Under this line are the records; write out word for word the part that begins at the line containing "Eine Yamaha XV" and ends at the line containing "Cycle Start : 불러온 G-코드를 기반으로 가공을 시작하는 버튼입니다.", and no more.

__Records shown__
*** Begin section ***

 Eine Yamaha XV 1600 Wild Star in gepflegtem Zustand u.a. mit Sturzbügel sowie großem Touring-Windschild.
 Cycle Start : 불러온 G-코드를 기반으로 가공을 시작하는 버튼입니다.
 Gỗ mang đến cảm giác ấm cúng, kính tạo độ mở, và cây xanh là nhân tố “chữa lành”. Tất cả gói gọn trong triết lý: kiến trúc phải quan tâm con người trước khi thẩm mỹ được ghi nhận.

*** End section ***
*** Begin section ***

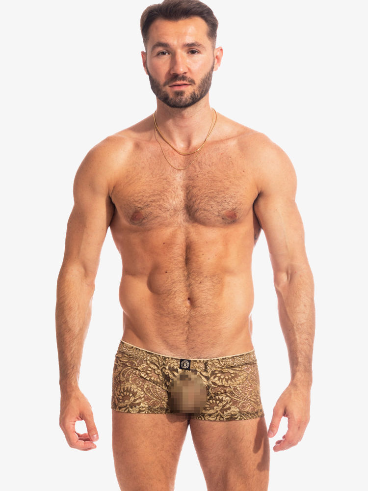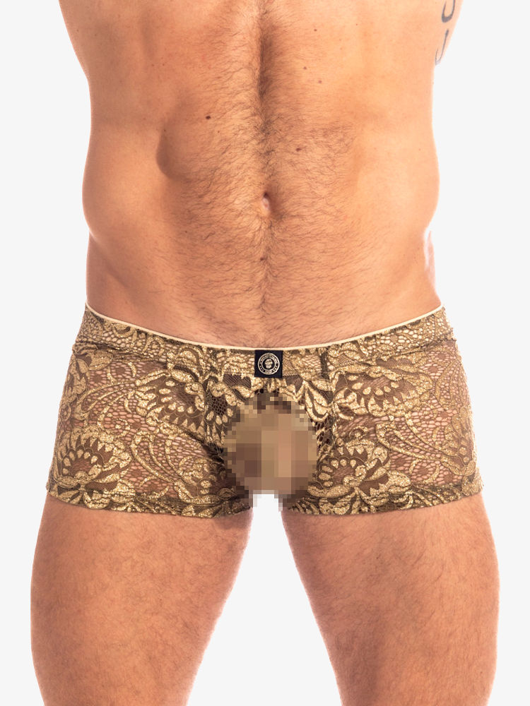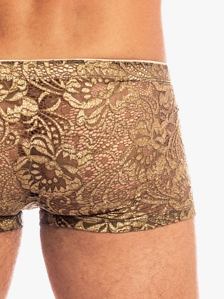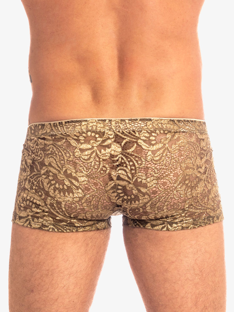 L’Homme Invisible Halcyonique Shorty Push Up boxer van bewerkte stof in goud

*** End section ***

__Exercise response__
 Eine Yamaha XV 1600 Wild Star in gepflegtem Zustand u.a. mit Sturzbügel sowie großem Touring-Windschild.
 Cycle Start : 불러온 G-코드를 기반으로 가공을 시작하는 버튼입니다.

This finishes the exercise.